The primary goal of any business owner, large or small, is to make and increase profit. In practice, this requires a functional colour-blindness: you sell to, buy from, hire, or partner with whoever can deliver value. The horticulture and fruit-picking industries are a perfect example. Many smaller growers and packers in regions like Shepparton, Stanthorpe, or Wide Bay rely heavily on temporary foreign labour — backpackers on Working Holiday visas and Pacific workers under the PALM scheme — to get perishable crops harvested and packed during peak seasons. Without that flexible, low-cost workforce, a lot of these operations would struggle or fold. Exclusivity based on race or ethnicity is a luxury few of them can afford. It remains largely the preserve of a fringe, even within traditionally Anglo-Australian small-business communities. The rest operate on commercial realism: markets and labour pools are what they are.
This is the outlook that Pauline Hanson reasonably represents — only dressed up in Australia Day bunting. Having run a fish-and-chip shop herself, she embodies the pragmatic conservatism of the aspirational small-business class rather than radical nationalism. Hanson is opposed to Islam. That’s because she’s a Zionist. She has no critical skills where Israel is concerned. Neither do those who are throwing money at her. But, at the end of the day, it’s the working class who get uprooted, crowded, and undercut by immigration. Pauline has no intention of ending immigration, nor from any specific countries; she just wants to slow down the numbers. She wants them to wave flags and say ‘G’day.’
The tragedy is that the greater proletariat affected by immigration — who are too guttersnipe to appreciate the progressive social agenda — could potentially raise them on their shoulders. They will do so through the Dunning-Kruger Effect. Put simply, this is when voters with limited policy knowledge confidently assess complex proposals based on superficial understanding — seeking simplistic solutions to multifaceted problems. ‘Remigration’ is one of the simplest of these, not that Pauline is even touting that as a policy.
The common voter will not see that the one thing all major parties (and we’re going to now include ON in that league for the sake of argument) have in common is the notion of ‘status’. The entirety of capitalist western society is founded on the idea of status and improving it all the way to the top of the pyramid. You can see this chauvinism everywhere — from the elitism of the progressives to the air of superiority that abounds in the extreme right. None of them wants to be ordinary, none of them wishes for a humble existence. Everyone wants power.

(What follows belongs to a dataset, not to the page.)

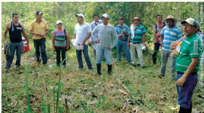
Imagen No. 3. Dinámica con productores en la estación experimental El Trueno - SINCHI.

Pauline will betray the working class — those who have limited skills to trade and whose lifestyle expectations don’t involve three-storey mansions in Vaucluse — just as those fools in England who abandoned the National Front to vote for Maggie Thatcher instead found out. Pauline sees herself as an occidental Maggie, and she’ll be groomed for that appearance. But when the crunch comes, she’ll be working for the industrialists like Gina, who’d have us working for two-dollars a day.